GMHF has Supported Employer Assisted Housing Efforts in Over 30 Minnesota Communities
GMHF Shares Lessons Learned
Since 1996 GMHF has helped local organizations mobilize successful EAH programs. Working with residents, city officials and employers has resulted in the creation of hundreds of new affordable housing units and a few lessons learned.
Local owners are accessible- Talking directly to business owners is the most effective way to communicate.
Local owners make decisions more quickly- Locally owned firms can decide on corporate giving or benefit options without referring such decisions to remote decision makers.
Community concern and involvement is higher- Local connections create a stronger sense of civic responsibility than would be felt by the CEO of a national company based in another state. Local business owners are also typically involved in many civic and community matters -affordable housing may already be on their radar.
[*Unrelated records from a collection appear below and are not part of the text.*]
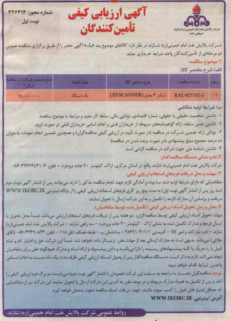 آگهی ارزیابی کیفی تامین کنندگان , خریداری اسکنر سه بعدی 3D SCANNER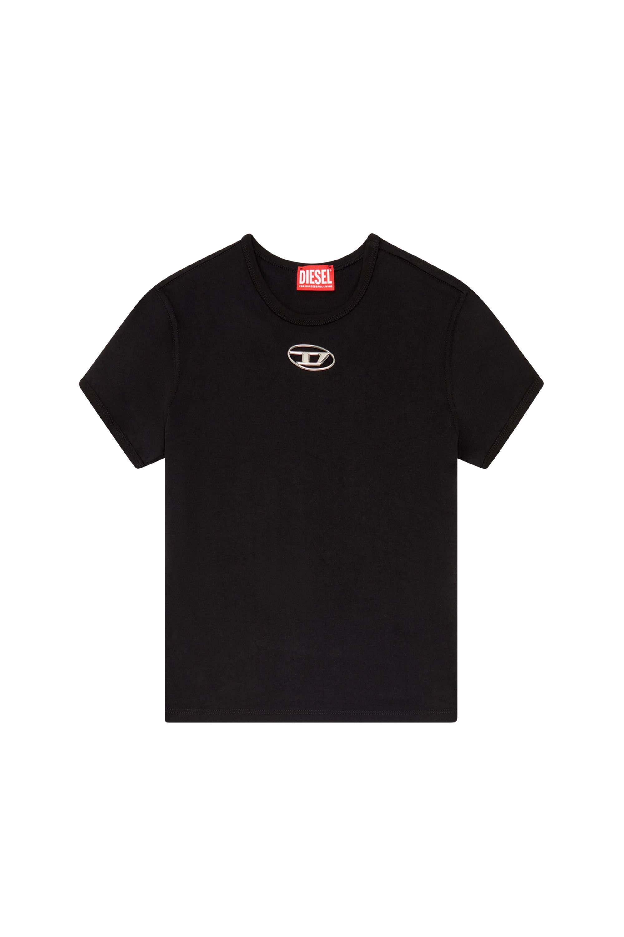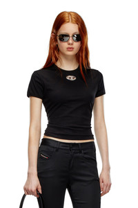 Product Description Styled in a slim fit, this women's tee is made from compact cotton jersey. The chest is encrusted with a small injection-moulded oval D for a peek-a-boo effect. ID: A154020HERS Size & Fit Model is wearing a size S and is 175 cm / 5'7'' Check the size chart to choose the correct size. Materials & Details Composition: 100%Cotton Slim fit
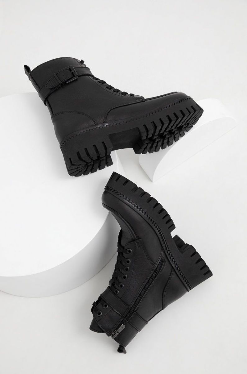 Шкіряні черевики Answear Lab жіночі колір чорний на плоскому ходу злегка утеплена (2645067)

Smaller local employers are motivated- While contributions from main street employers may be modest they can be surprisingly generous and serve to build community support and awareness for affordable housing among local public officials and the community at large.

Minnesota owned companies are the next best prospect.
If employer ownership is not local, a Minnesota-owned business is the next most likely type of employer to become involved in a local affordable housing initiatives. Minnesota owned employers better understand the direct connection between the availability of workforce housing and their ability to attract and retain workers. National and internationally owned firms are least likely to participate.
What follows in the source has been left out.